I end by saying with all the work and all the prep time having a holiday with homemade food is still pretty darn close to the top of my "happy list".  I suspect that many family and friends will go out to eat and that is certainly a good thing but for me the prep, the work, the aroma etc bring back the "good old days".  Yes they are that and they are far in the past but just for a day it is fun to relive them.  Today is kind of the start of the end of the year.  With Thanksgiving and then Christmas I will take many times to sit back, reflect and be thankful for the many blessing I have.  Part of that is family who are still here.  Part of that is Terry.  BUT much of that is remembering the past and being thankful for all that it was.  Certainly it was not perfect but for my up bringing I am eternally grateful and give the Lord many thanks.

IF there are family or friends who take the time to read this I say, "MAY YOUR DAY BE FULL OF DELICIOUS FOOD, WONDERFUL FAMILY AND A VISION FOR THE FUTURE THAT IS BRIGHT! 


1 comment:

  1. Well, darn!

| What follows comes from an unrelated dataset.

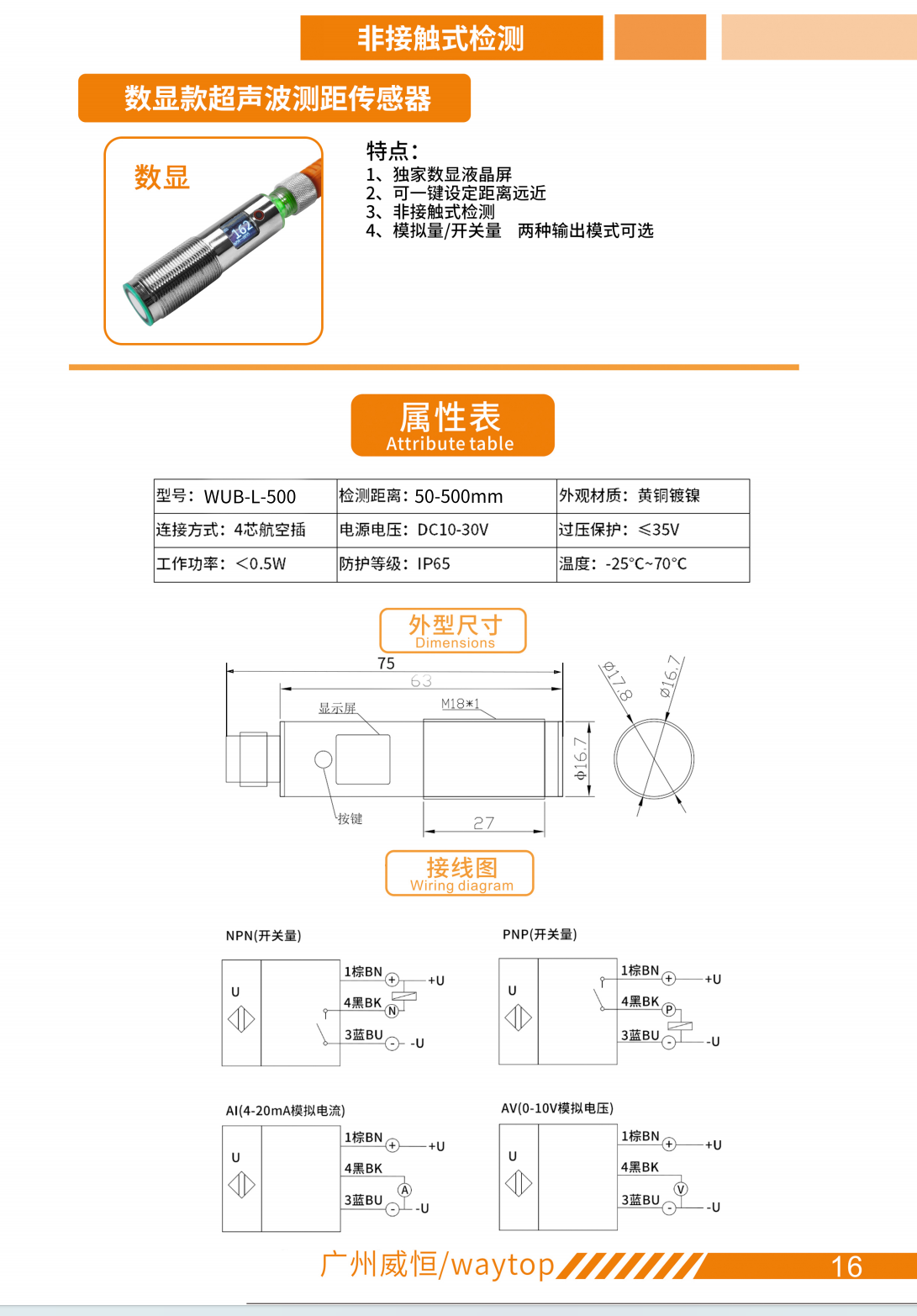数显款超声波测距传感器

I typed a comment and then lost it so guess I'll start over. I'm sure your dinner turned out great. Don't be so hard on yourself. Hope you have a big freezer for the rest of that turkey. Good day here. Good food good friends, great weather, lousy football game! Clean up is done and I'm tired but stuffed! I don't remember all the things you do about the holidays. Lefsa and lutefisk yes, Ronald and Janet coming home don't remember that. I guess the memory part of my brain developed later in life! ha I miss Dave too. Won't get the phone call this year around the holidays. It's always a time of reflection but good memories to think about. I'm sure Joan is worn out. Hope she had enough food, those two Marines do know how to eat especially at Grandma's house! You probably need a couple of days to recoup. Enjoy the weekend.